Return, unchanged and with no pictures, the lines below from the very first through the one that contains "中国体育代表团确定双旗手".

··· Material for this task ···

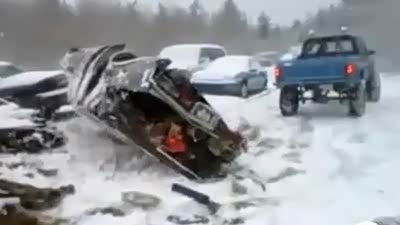 最快拆车 实拍改装皮卡拖垮报废轿车
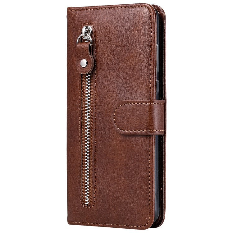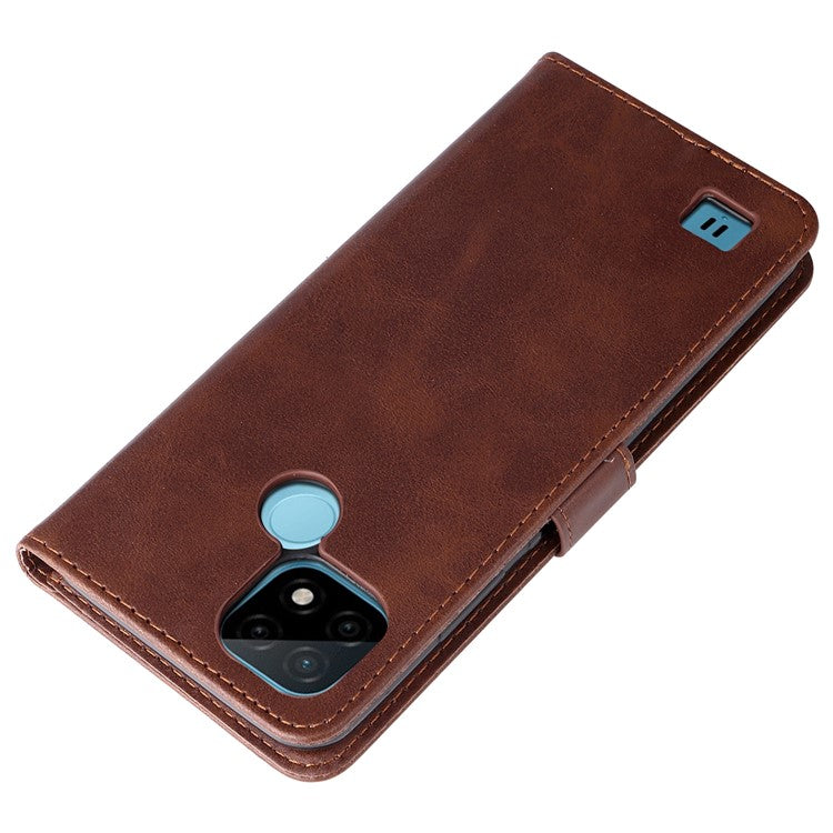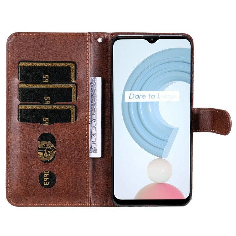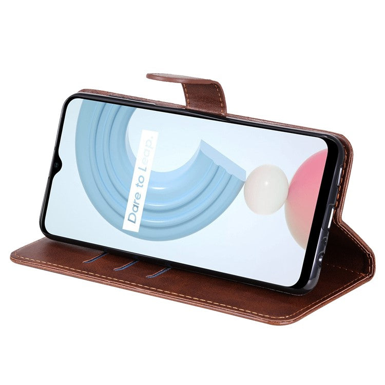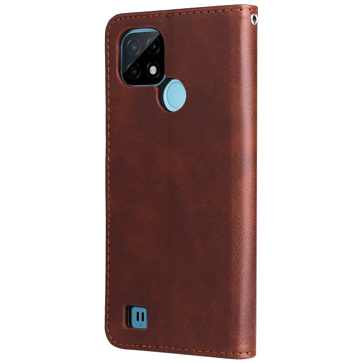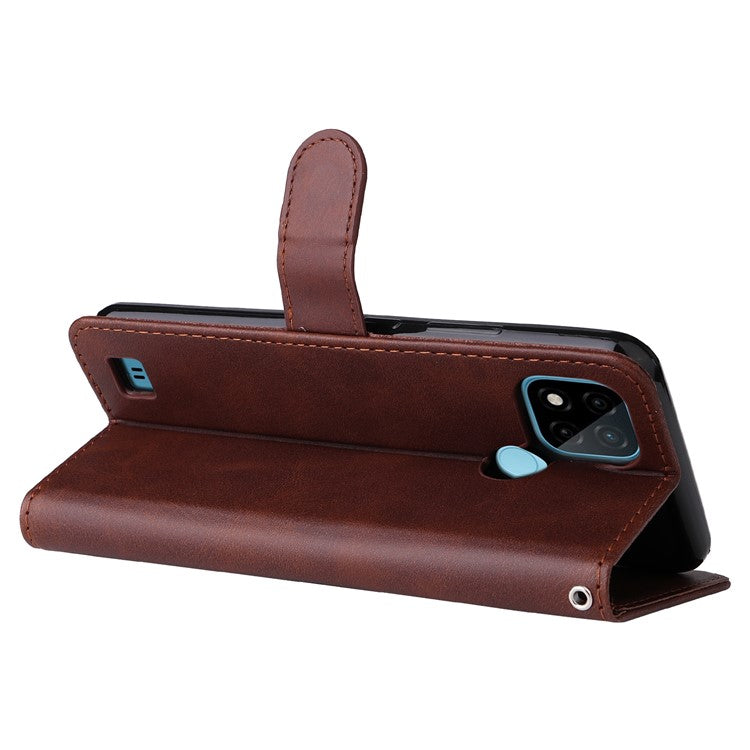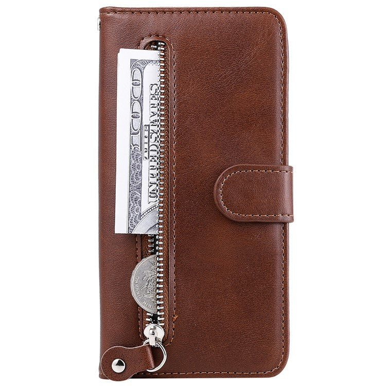 Shockproof Anti-scratch Phone Covering PU Leather Zippered Pocket Phone Case Coin Wallet Stand Folding Case for Realme C21Y/C21/C25Y - Brown
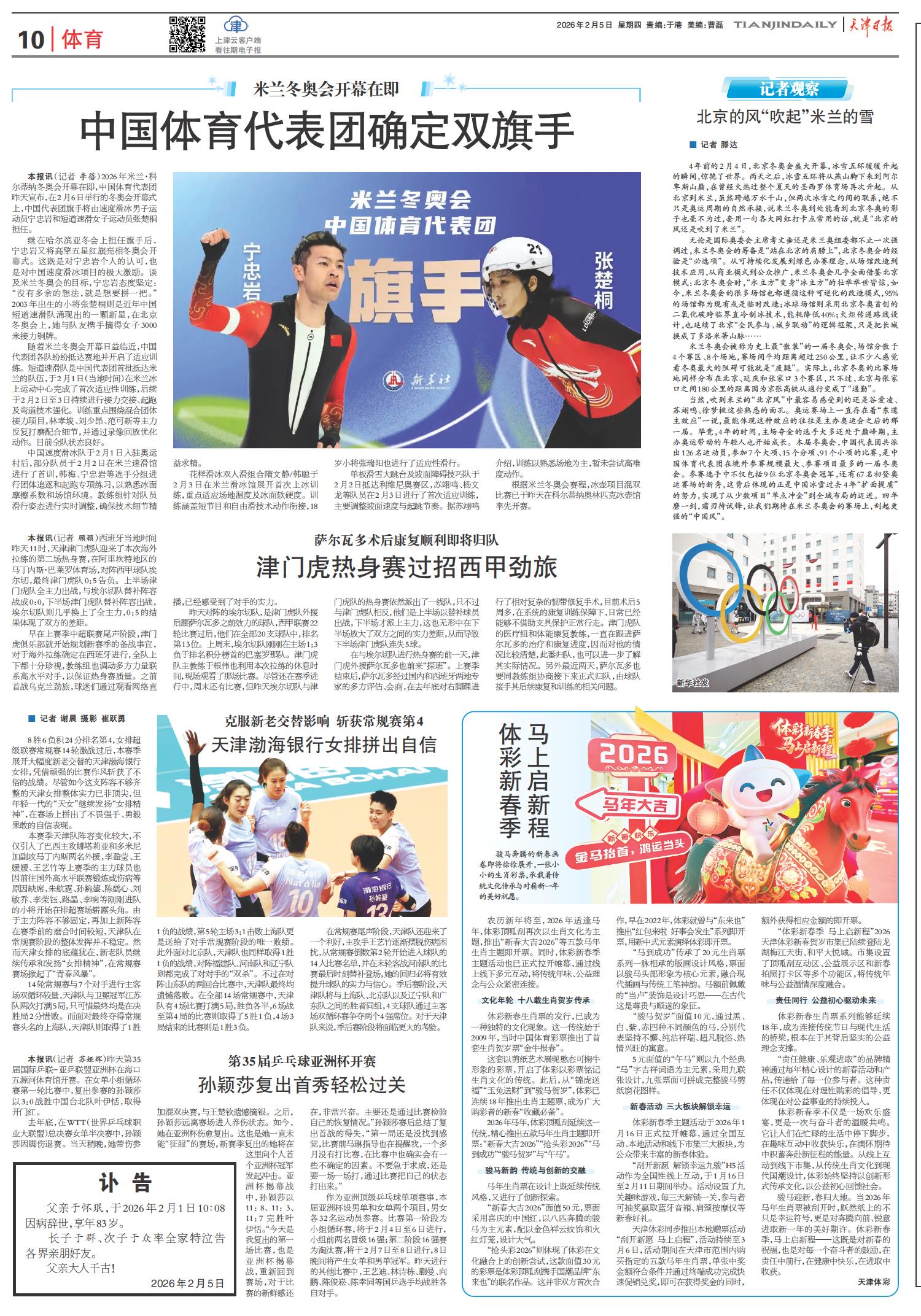 中国体育代表团确定双旗手
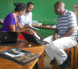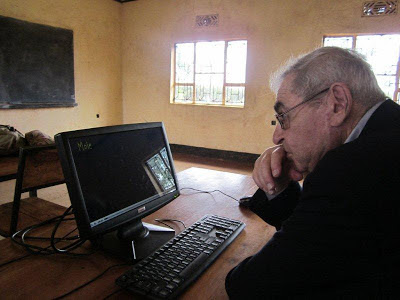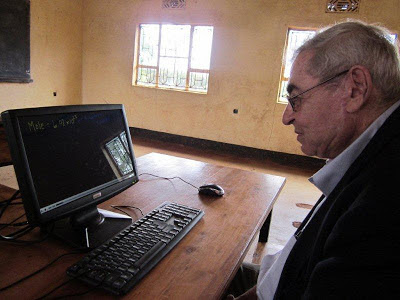 On Monday November 12 before our meeting with district officials, Mr. Finger and his companion, Eileen Velen, and I also visited Welwel school. Below Mr. Finger is watching a Khan Academy video from RACHEL on Moles and Avogadro Numbers. There are more than one kind of moles 🙂 this one has something to do with chemistry. Mr. Finger is a highly respected chemist.
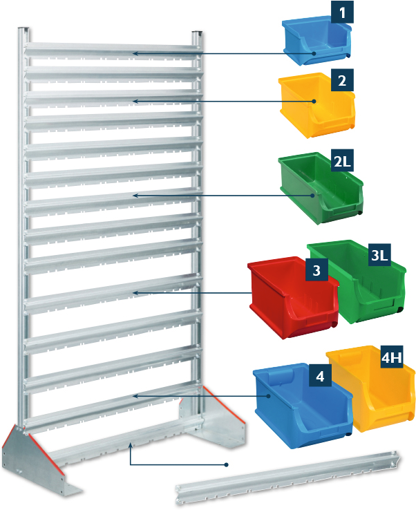 - zweiseitige Ausführung: Regaleinheit und 2 Grundschienen
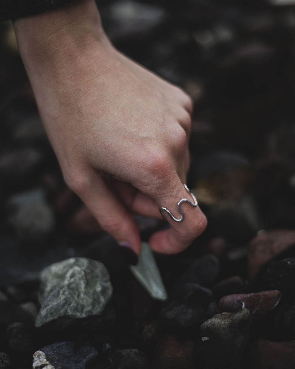 The handcrafted wiggle ring has a subtle hammered design, reminiscent of the waves crashing against the rocks in Cornwall's Trevaunance Cove; a beautiful seaside spot near Becky's childhood home.
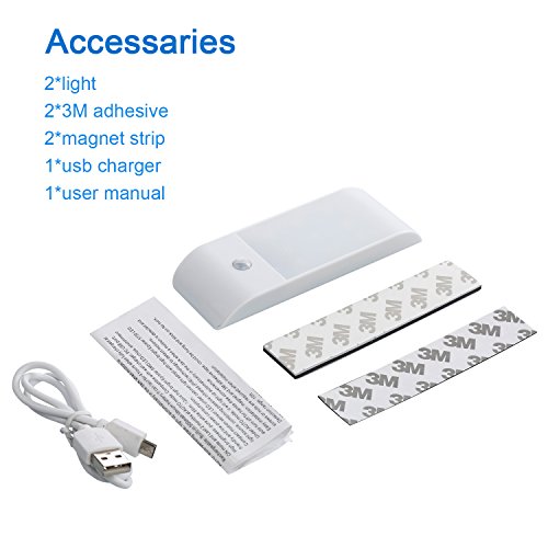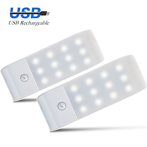 Motion Sensor Closet Light Rechargeable LED Wall Sconce Night Light, Stick-on Anywhere Closet Stair Lights for Hallway, Bathroom, Stairs, Garage etc(White- Pack of 2)
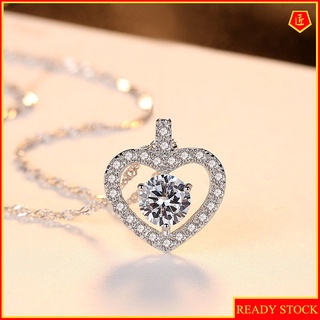[Ready Stock]Micro-Inlaid Diamond Heart-Shaped Pendant Europe and America Creative 925 Silver Necklace
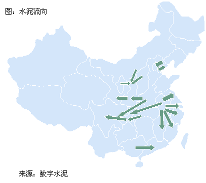 從各地調(diào)研了解的資料顯示,目前全國市場(chǎng)水泥的流向大致是:
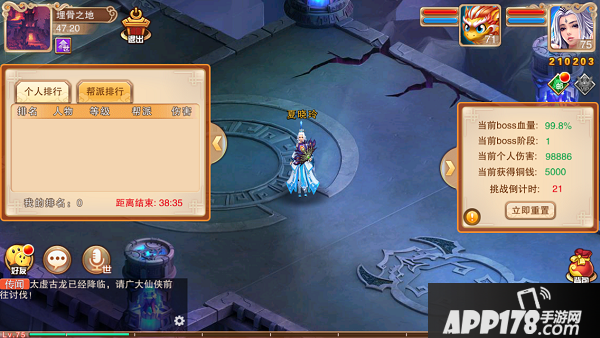 参加超级BOSS活动,铜币积分拿不停,还能获得超级强大的怒气技能书,我们只需要在活动开启时点击参与然后让角色自动挂机就行了,当然如果想要打出更高的伤害还是需要我们手动操作哦,快来一起挑战太虚古龙吧!
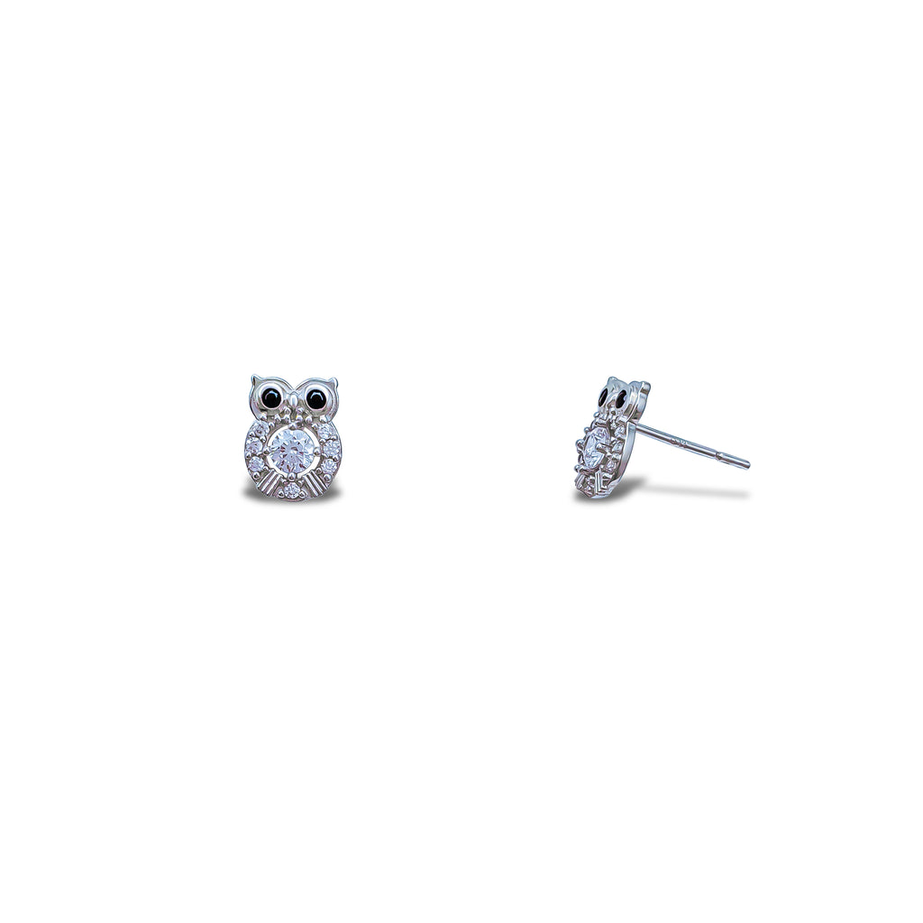 Zirconia Owl Stud Earrings (14K)
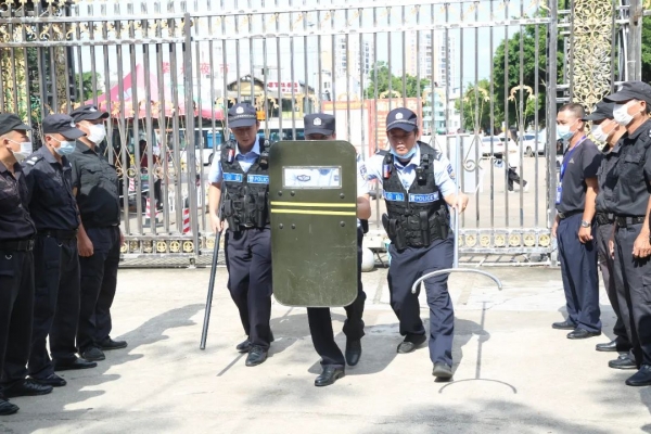 ?為提高學校安保人員處置突發(fā)暴力事件的能力,守護師生平安,營造穩(wěn)定和諧的校園環(huán)境,5月25日,學校特邀請海口市公安局國興派出所民警來校指導我校開展安保人員應急技能培訓及應對暴力恐怖襲擊事件應急處置演練。
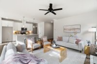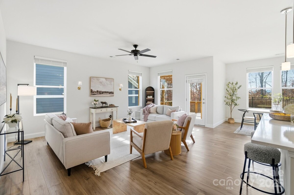 Location, location, location! Welcome to this nearly-new beauty in The Terraces at Cramerton Mills—a home that blends modern comfort, effortless style, and unbeatable convenience. Step inside and you’ll immediately appreciate the light-filled, open floor plan that makes everyday living feel spacious and connected. The chef-inspired kitchen flows seamlessly into the family room, so whether you’re hosting friends, or enjoying a quiet night in, you’re always part of the action. The gorgeous kitchen has plentiful cabinets for storage and the backsplash and countertops are like the jewelry of the home! Cook like a chef on the stunning gas range. The primary suite is a true retreat—thoughtfully tucked away for maximum privacy and complete with a generous walk-in closet and a sleek, walk-in shower that offers a spa-like experience at home. But the magic doesn’t stop indoors. Head outside to your own backyard oasis, where the property backs up to a private wooded area for tranquility you won’t easily find elsewhere. Enjoy morning coffee on the patio, afternoon lounging on the upgraded deck beneath the pergola, or evenings unwinding in your upgraded fully fenced yard—ideal for entertaining, pets, or peaceful solitude. Change your viewpoint and rock away the afternoon on the oversized front porch, too! Added bonus of an extra long driveway that can accommodate 6 cars with the 2 car garage to total 8 cars! With modern design, upgrades, exceptional privacy, and the convenience of being move-in ready, this home offers the lifestyle buyers dream of—without the wait. Don't wait, your perfect home is here! All that’s missing is you...

···

◆ Answer space ◆
 最快拆车 实拍改装皮卡拖垮报废轿车
 Shockproof Anti-scratch Phone Covering PU Leather Zippered Pocket Phone Case Coin Wallet Stand Folding Case for Realme C21Y/C21/C25Y - Brown
 中国体育代表团确定双旗手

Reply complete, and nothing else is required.